A short series around the InfluxDB storage subsystem and its most important components

Apr 14, 2020 9 min read Computer Science, Programming

Writing on the blog about some of the technical stuff I usually enjoy and/or work with is something that’s always in my plans but I never find the right time do it. Due to all this quarantine related stuff, both my sleeping habits and the kid’s are being somehow affected and, well, here I am, staring at a blank page trying to start writing about databases. And, well, since I don’t longer work for an international company I thought it would be a good idea to somehow practice my poor English skills.

This time my plan is to write about InfluxDB, a columnar oriented time-series database written in Go, and provide a quick tour of some of the most important characteristics of their storage engine.

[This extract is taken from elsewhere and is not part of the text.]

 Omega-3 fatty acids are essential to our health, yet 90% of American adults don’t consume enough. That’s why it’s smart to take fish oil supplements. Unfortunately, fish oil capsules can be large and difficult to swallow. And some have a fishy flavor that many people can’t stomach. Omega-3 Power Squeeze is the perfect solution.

I have been dealing with InfluxDB for a while and I have gone way deeper than I would like to quite a few times but I am by no means an expert, so, please, if I say something that’s not completely accurate, forgive me, and please, correct me.

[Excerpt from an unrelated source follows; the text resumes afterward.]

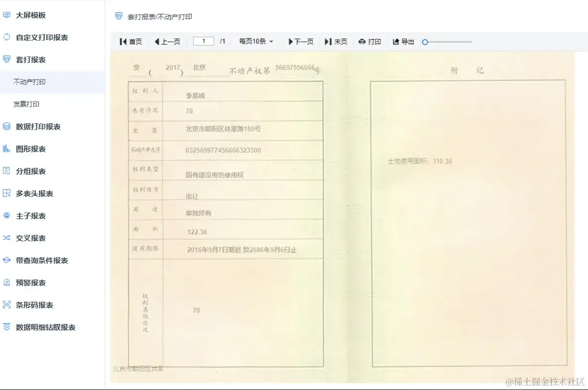 - 支持打印设计(支持套打、背景打印等)可设置打印边距、方向、页眉页脚等参数 一键快速打印 同时可实现套打,不动产证等精准、无缝打印

I’ve dealt with both the OpenSource and the Enterprise versions but everything here is going to be based on the former (to the best of my knowledge the storage engine is the same in both alternatives). The details included later in the post are based on the 1.8.x and 1.7.x branches (I know the 2.0 introduces quite a lot changes but I won’t talk about them here).

Before getting started

Influx has gone through different storage engines through its short lifetime: LevelDB, BoltDB (not sure if there’s anymore) and, and this is just an educated guess, any of them completely satisfied the requirements that the InfluxDB folks were looking for: large batch deletes, hot backups, high throughput or a good compression performance among many others. So, in order to solve the previous points (it’s not an exhaustive list), they decided to go on their own and write a new storage engine (it’s a brave bet).

Everything I am going to write about here is focused on this storage engine and I have no experience with the Influx versions where the underlying storage engine was LevelDB or BoltDB.

InfluxDB concepts

Before we go into the details of the storage engine let me introduce a few concepts I think all of us should know about.

Everything starts with a database concept, similar to a traditional RDBMS, which acts as the container of many of the capabilities that Influx provides: user management, retention policies, continuous queries, … Everything related to a database is represented under a folder in the filesystem.

A retention policy describes how long the data is kept around and how many copies of this data are stored in the cluster (for the OpenSource version the replication setting has no effect).

Measurements are the “data structure” used to model how the data is stored in Influx and the fields associated with it.

Fields represent the actual data value. These are required and, something really important, they are not indexed.

Tags represents metadata associated with the aforementioned fields. They are optional, but they are very useful because they are indexed and allow you to perform group by and/or filter operations (you can filter on fields as well, but since they are not indexed, this is not a performant operation).

Series are a logical grouping of data defined by a measurement, a set of tags and a field. To me, this is one of the most important concepts that need to be clear while working with InfluxDB, because many of the different concepts revolve around it.

Shards contains the actual encoded and compressed data. They are represented by a TSM file on disk (more on this later). Every shard contains a specific set of series so all the points falling on a given series will be stored in the same shard.

In order to get your data points inserted into the database, Influx defines a text-based protocol named line protocol.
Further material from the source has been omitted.